Foucault (Le gouvernement de soi et des autres) señalaba cuatro condiciones para la palabra libre (parresia) en la democracia ateniense. En primer lugar, las garantías jurídicas. En segundo lugar, el ascendiente del orador sobre su público. En tercer lugar, el discurso verdadero, es decir, no utilizar la libertad para adular al público. En cuarto lugar, para hablar se necesitaba coraje, sentido del riesgo y capacidad de asumir las consecuencias. Foucault se concentra en Pericles y no se plantea un segundo las condiciones sociales para acceder a la palabra, ni los trucos simbólicos que fabrican el carisma de los dominantes. Pese a todo, el filósofo francés es siempre sugerente aunque su cuadrilátero de la palabra libre en Atenas no ve nada de las diferencias sociales en el acceso a la palabra. Al Foucault de los años 1980, no se le podía pedir mucho al respecto: había firmado las paces "estructurales" con el capitalismo (sin renunciar a su mejora). Y sus razones tenía aunque yo no las comparta.
Marcelino Camacho vivió buena parte de su vida sin garantías jurídicas. Sin duda, las compensaba su creencia en el socialismo y de ella sacaba vigor para oponerse a la dictadura. Según algunos, Marcelino tenía una fe totalitaria. No se enteran (podrían leer a Hannah Arendt a la que citan sin leer). Asimilar Marcelino con Corea del Norte es como reducir el liberalismo a las justificaciones jeffesornianas (y ni siquiera Jefferson merece ser reducido sólo a eso) del genocidio de los indios o al imperialismo que devastó África. Marcelino no tenía una visión omnisciente de lo que pasaba en la URSS –si es que todo lo que pasaba era tan malo, cosa harto dudosa con un mínimo de ética científica- pero sabemos cómo se ejercitaba en los debates internos y tenemos todo el derecho a suponer que su socialismo era tan totalitario como esclavista el liberalismo de Rajoy: es decir, para nada. El liberalismo coquetea con la esclavitud asalariada de la que hablaba el de Treveris y el socialismo con la dictadura (y "dictadura, ni la del proletariado", como dijo el secretario general del partido de Marcelino), pero son mucho más que eso. Y han dado de sí mucho más que eso.

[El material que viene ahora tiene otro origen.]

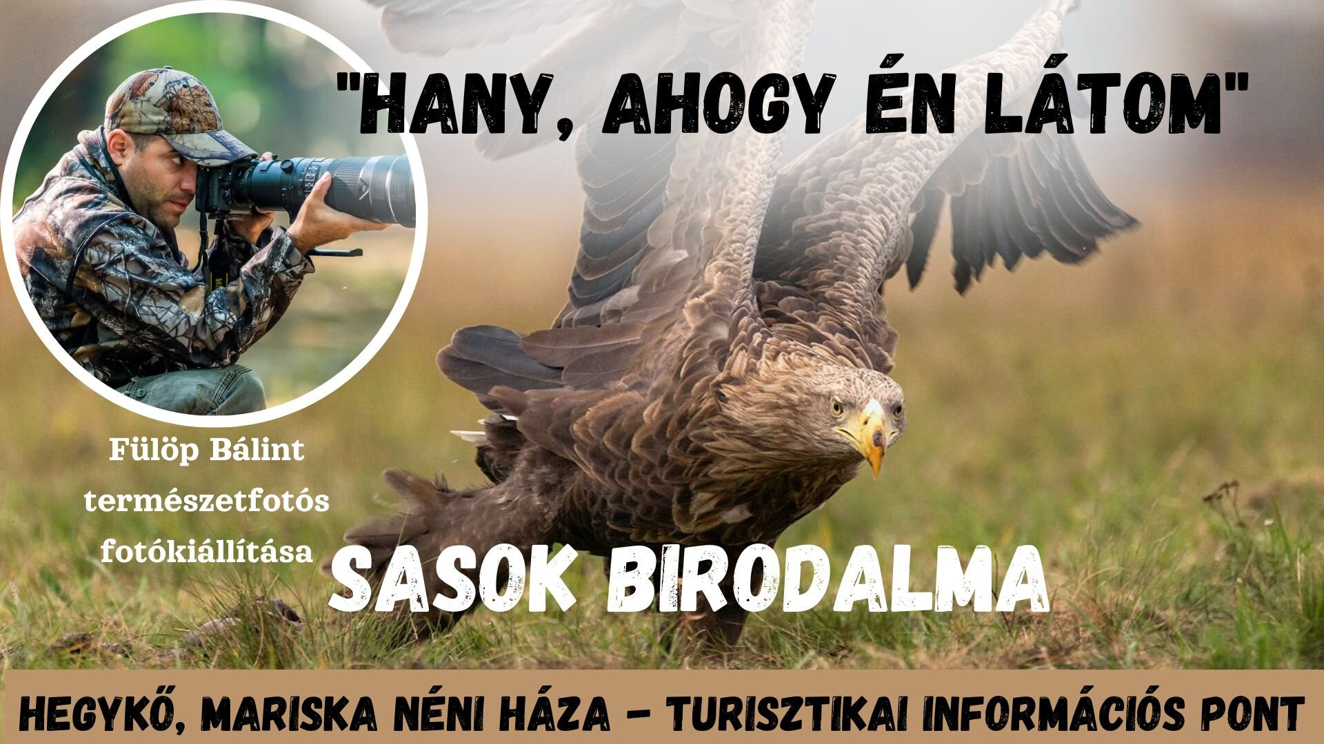 Fotóin keresztül betekintést nyerünk a hanyi rengeteg történéseibe. Mozgalmasak, élénkek! Ezúttal a kiállítás főszerepében a sasok vannak, de minden mást is megörökít Fülöp Bálint, - amely a Hanyban él és mozog!

Como militante, según Nicolás Sartorius, Marcelino era un demócrata: un hombre que no soportaba los “y punto” y siempre decía que, menos humos tajantes y que, al menos, “punto y coma”. El ascendiente de Marcelino era sin duda su honradez y su apariencia austera. Ese trabajo sobre sí mismo lo hacía convincente. Y no, como dicen algunos carotas y apologetas de la doblez, porque fuera un fraile sino porque un decir que no sea en parte, en buena parte, un hacer es un hierro de madera. ¿Cuál era la verdad de Marcelino? Ver la realidad desde el punto de vista de los trabajadores, no desde la democracia del pueblo de señores que no se interrogan un segundo sobre las condiciones sociales de acceso a la palabra libre. El marxismo ayuda a ver esa dimensión de la experiencia social, pero sin el marxismo también se puede captar con la misma virulencia. Un análisis que considere que el trabajo es un asunto de contrato privado es una pura y simple legitimación de la dominación de clase. No hace falta ser comunista para verlo y sólo un ideólogo disparatado consideraría que eso nos lleva a Ceaucescu. Sobre su coraje, en fin, Marcelino representaba una valentía sosegada, firme, testaruda y emotiva pero no bronquista. Yo lo recuerdo en Linares, hablando en el ayuntamiento, como un tribuno contundente y racional que nada tenía que ver con el macarrismo al uso en muchos políticos de hoy.
Sin duda, para la parresia de los tiempos modernos, Marcelino Camacho es un modelo más interesante que Pericles. Y, por qué no, también para la de los antiguos. Como ha dicho alguien, un padre fundador de nuestra democracia. No lo olvidaremos.